Berezikov Eugene, Guryev Victor, Plasterk Ronald H A, Cuppen Edwin
Hubrecht Laboratory, Netherlands Institute for Developmental Biology, 3584 CT, Utrecht, The Netherlands.
Genome Res. 2004 Jan;14(1):170-8. doi: 10.1101/gr.1642804. Epub 2003 Dec 12.
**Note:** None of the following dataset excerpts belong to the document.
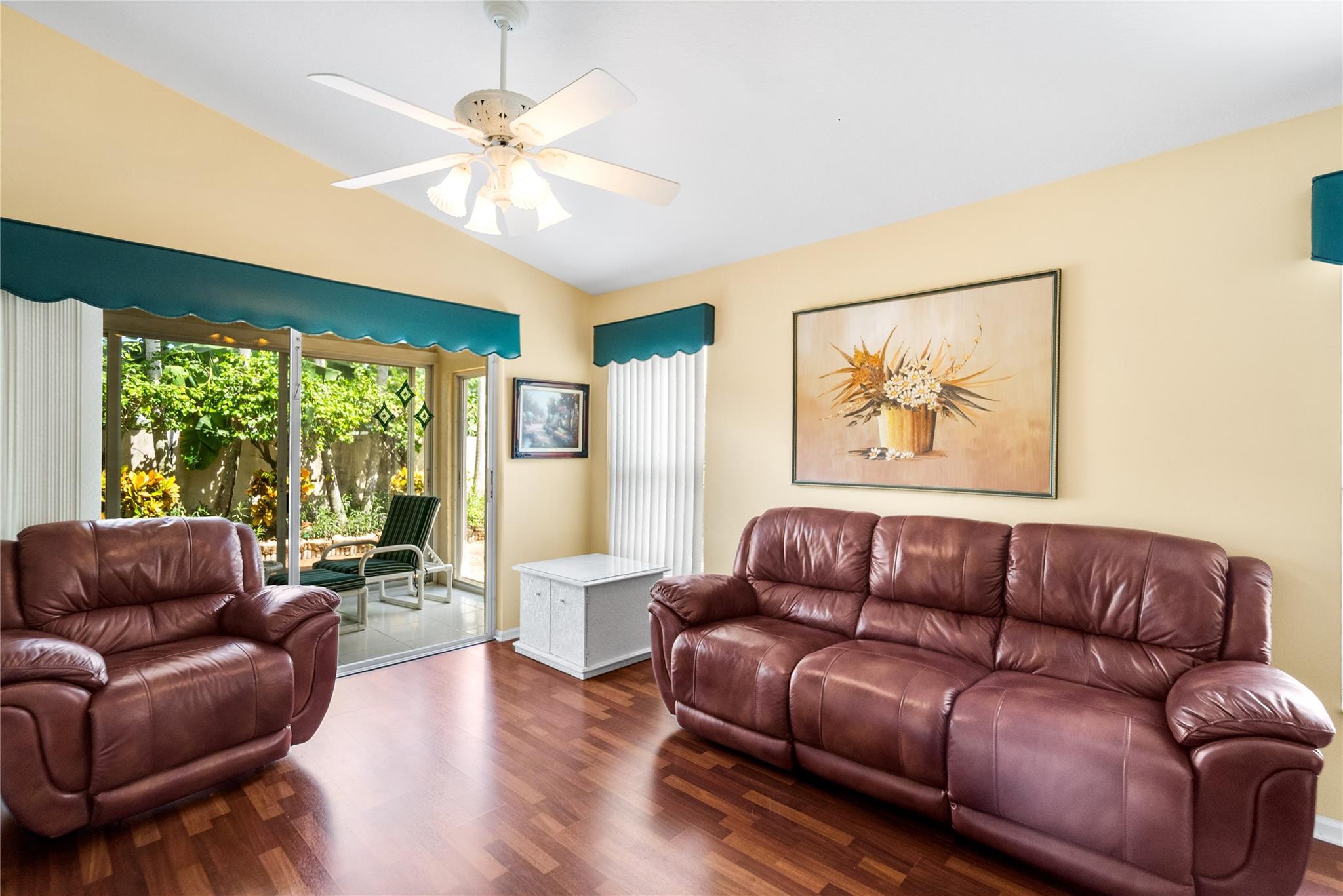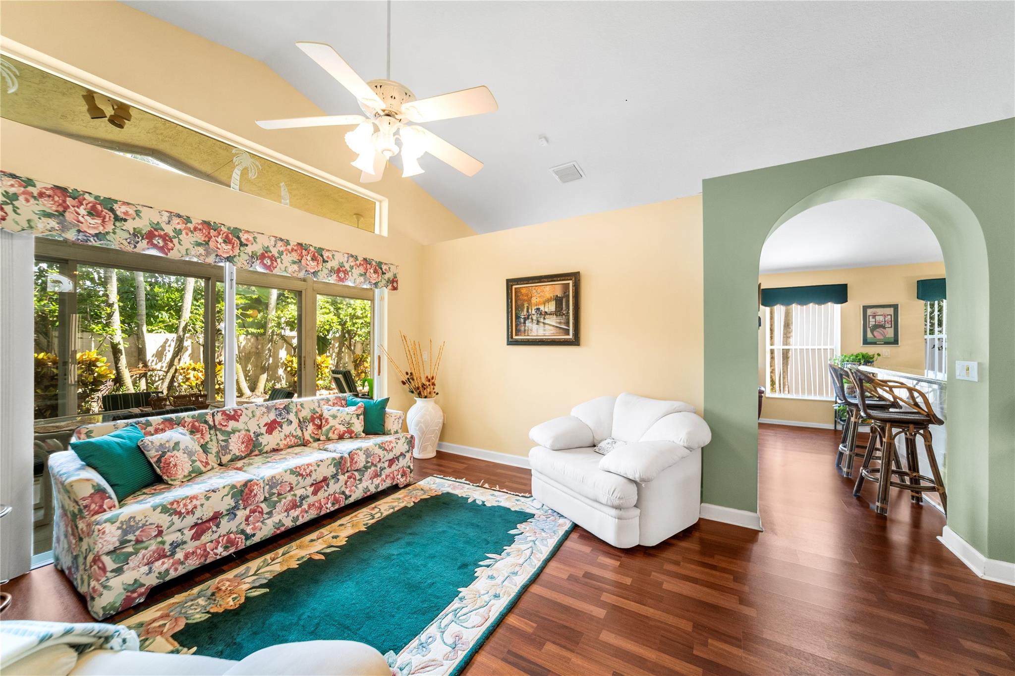 Step Into This Beautifully Maintained 3 Bedroom, 2 Bathroom Home Located In A Desirable Gated Community In Boca Raton. Featuring Vaulted Ceilings And An Open Layout, This Home Is Filled With Natural Light Throughout. The Updated Kitchen Opens To A Spacious Living And Dining Area, Perfect For Entertaining. The Primary Suite Offers A Luxurious Bathroom With A Separate Shower, Soaking Tub, And Double Vanities. Enjoy The Comfort Of An Enclosed, Air-Conditioned Patio, Plus A Two-Car Garage, Laundry Room, And Accordion Shutters For Peace Of Mind. HOA Provides Resort-Style Amenities Including A Pool With Hot Tub, Tennis Courts, And Landscaping Services.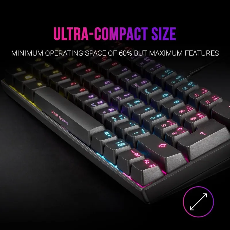 TECLADO GAMING MKMINI: El teclado ultra-compacto tamaño 60% FULL RGB CHROMA que estabas esperando. Con los mejores switches mecánicos OUTEMU PRO, conector USB-C a USB-A extraíble, 14 efectos de iluminación por hardware y un completo software de configuración. Todo ello con la máxima compatibilidad multiplataforma.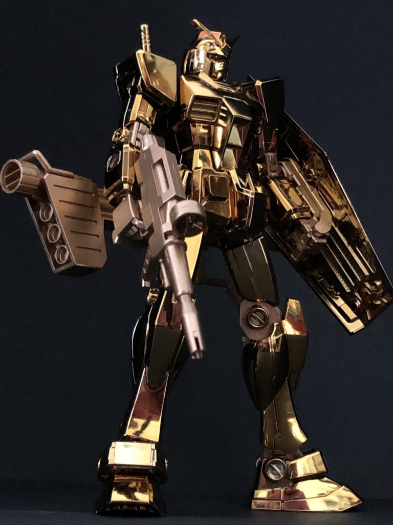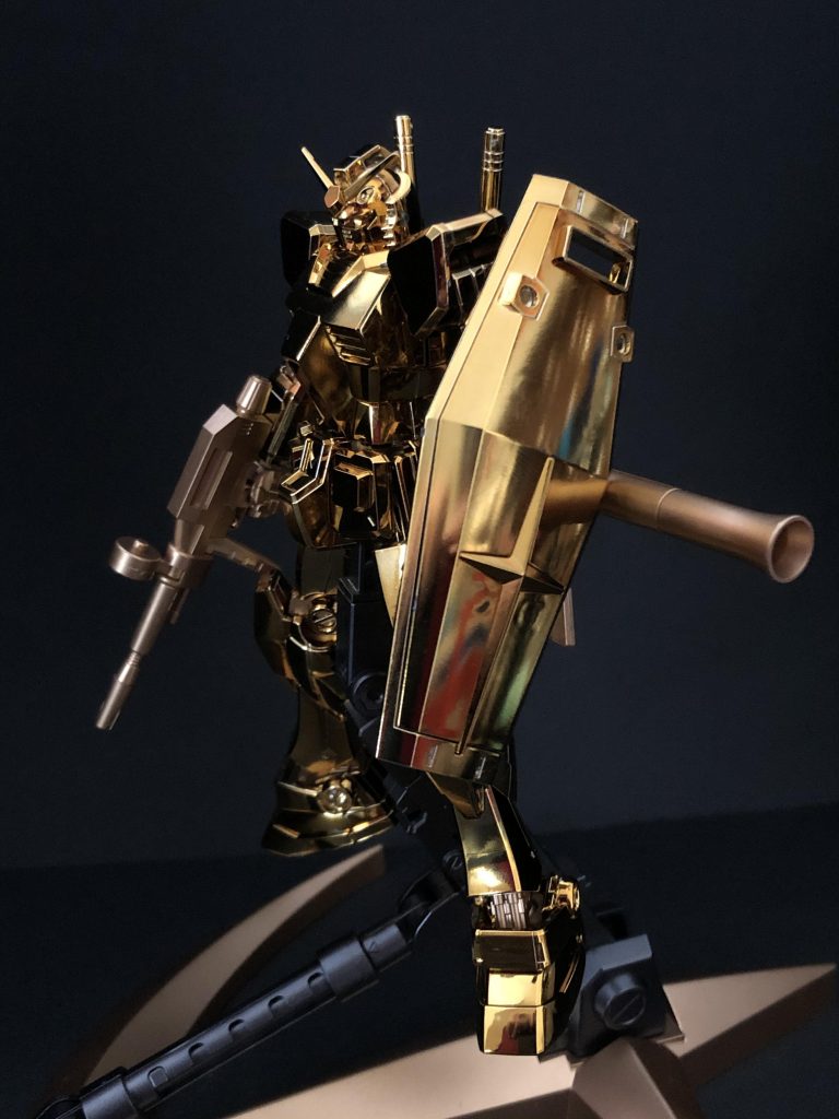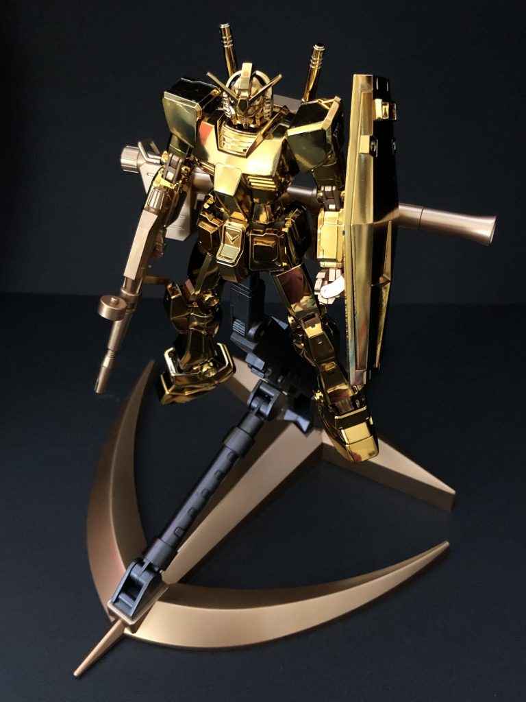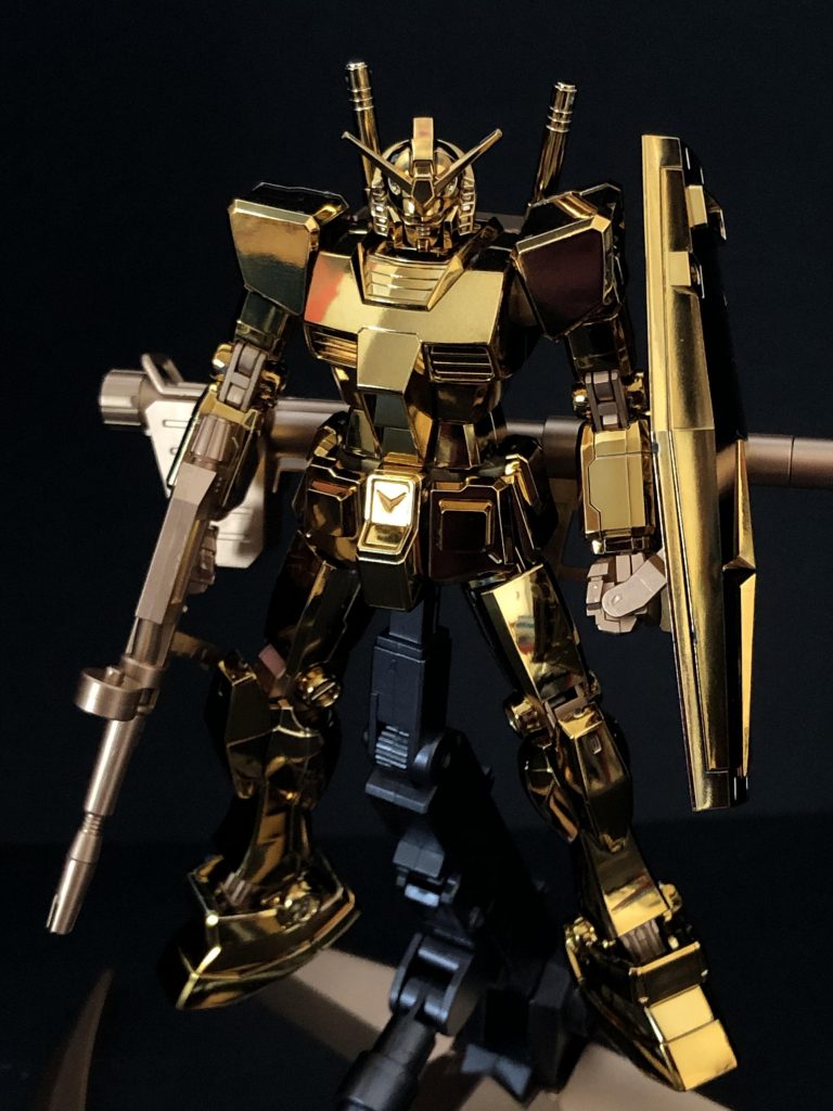 年末にガンダムベース福岡でポイント交換した、HG RX-78-2 ガンダム ゴールドコーティングバージョンです。おめでたい色なので、年始のご挨拶代わりに投稿させていただきます。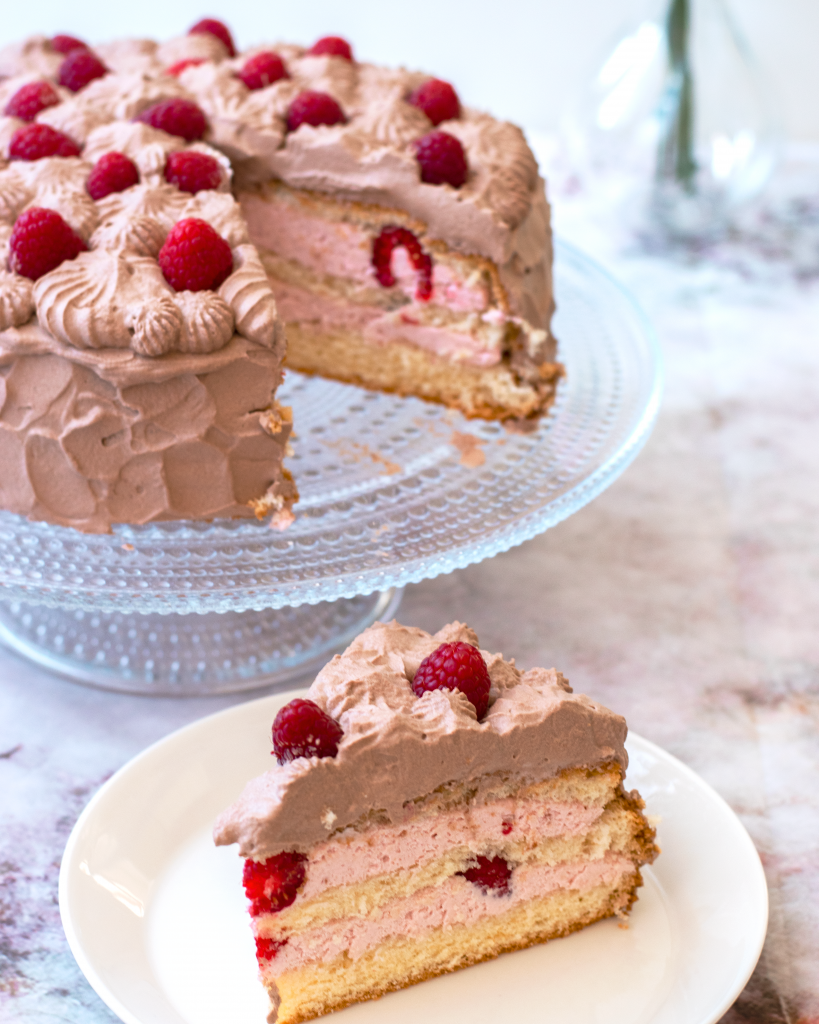 En härlig hallontårta med vit tårtbotten fylld med hallonmousse och färska hallon som spacklas och spritsas med en god chokladgrädde.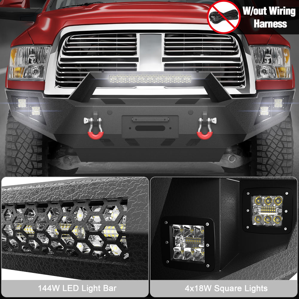 Multi-Function Integrated Design: The aftermarket bumper for Ram 2500 features a built-in winch mount plate (supporting 12,000 lbs pulling capacity) and D-ring tow points, ready for off-road/work scenarios without additional modifications.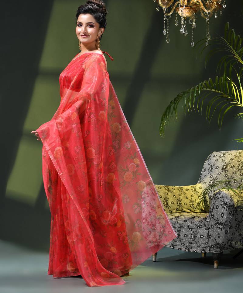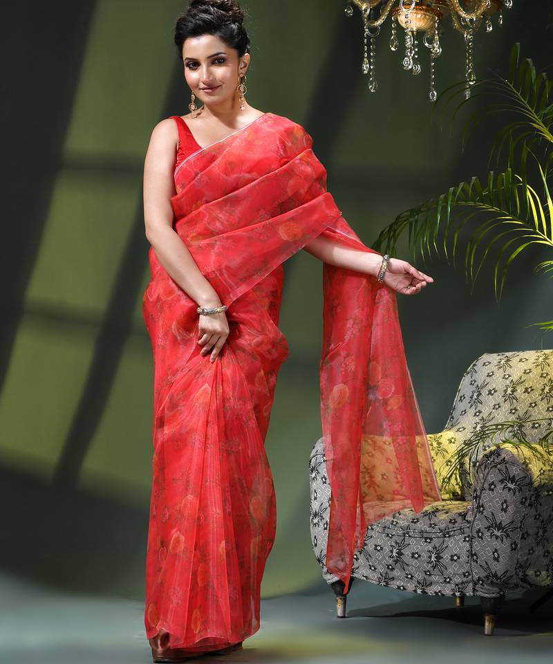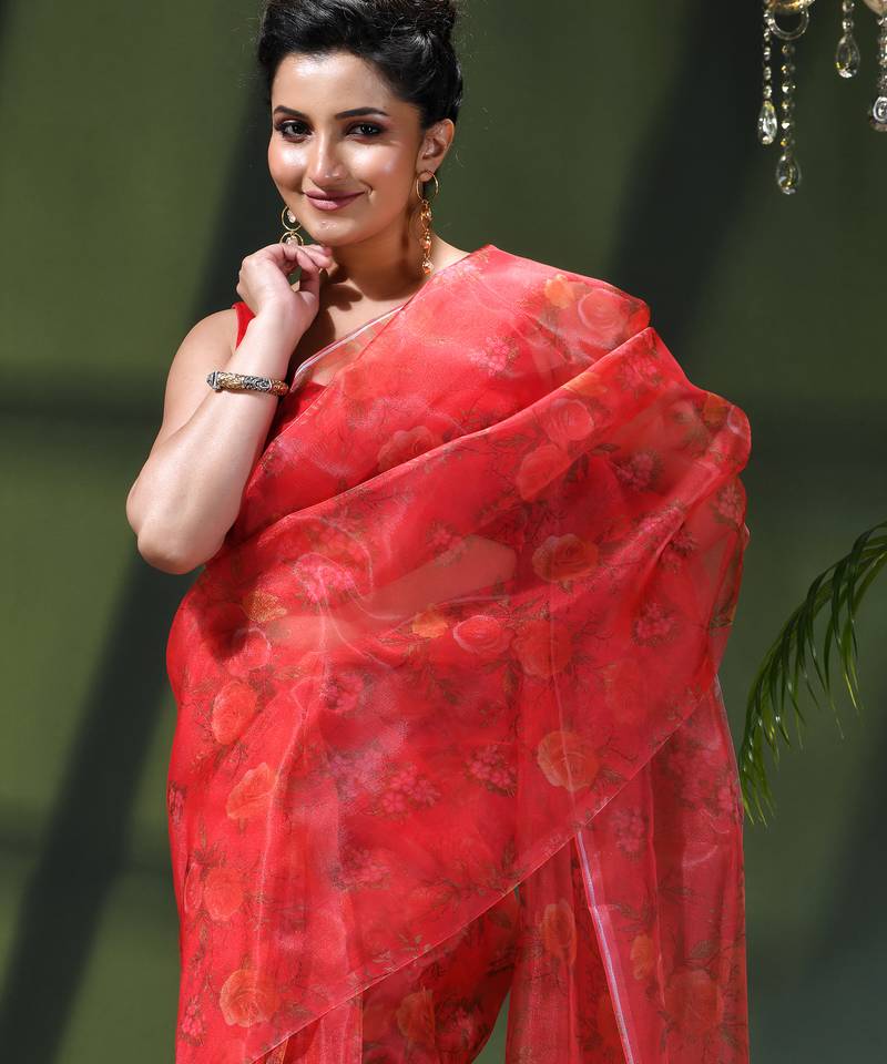 Women's printed organza sari trending rose leaf design fancy wedding saree for women

Prediction of transcription-factor target sites in promoters remains difficult due to the short length and degeneracy of the target sequences. Although the use of orthologous sequences and phylogenetic footprinting approaches may help in the recognition of conserved and potentially functional sequences, correct alignment of the short transcription-factor binding sites can be problematic for established algorithms, especially when aligning more divergent species. Here, we report a novel phylogenetic footprinting approach, CONREAL, that uses biologically relevant information, that is, potential transcription-factor binding sites as represented by positional weight matrices, to establish anchors between orthologous sequences and to guide promoter sequence alignment. Comparison of the performance of CONREAL with the global alignment programs LAGAN and AVID using a reference data set, shows that CONREAL performs equally well for closely related species like rodents and human, and has a clear added value for aligning promoter elements of more divergent species like human and fish, as it identifies conserved transcription-factor binding sites that are not found by other methods. CONREAL is accessible via a Web interface at http://conreal.niob.knaw.nl/.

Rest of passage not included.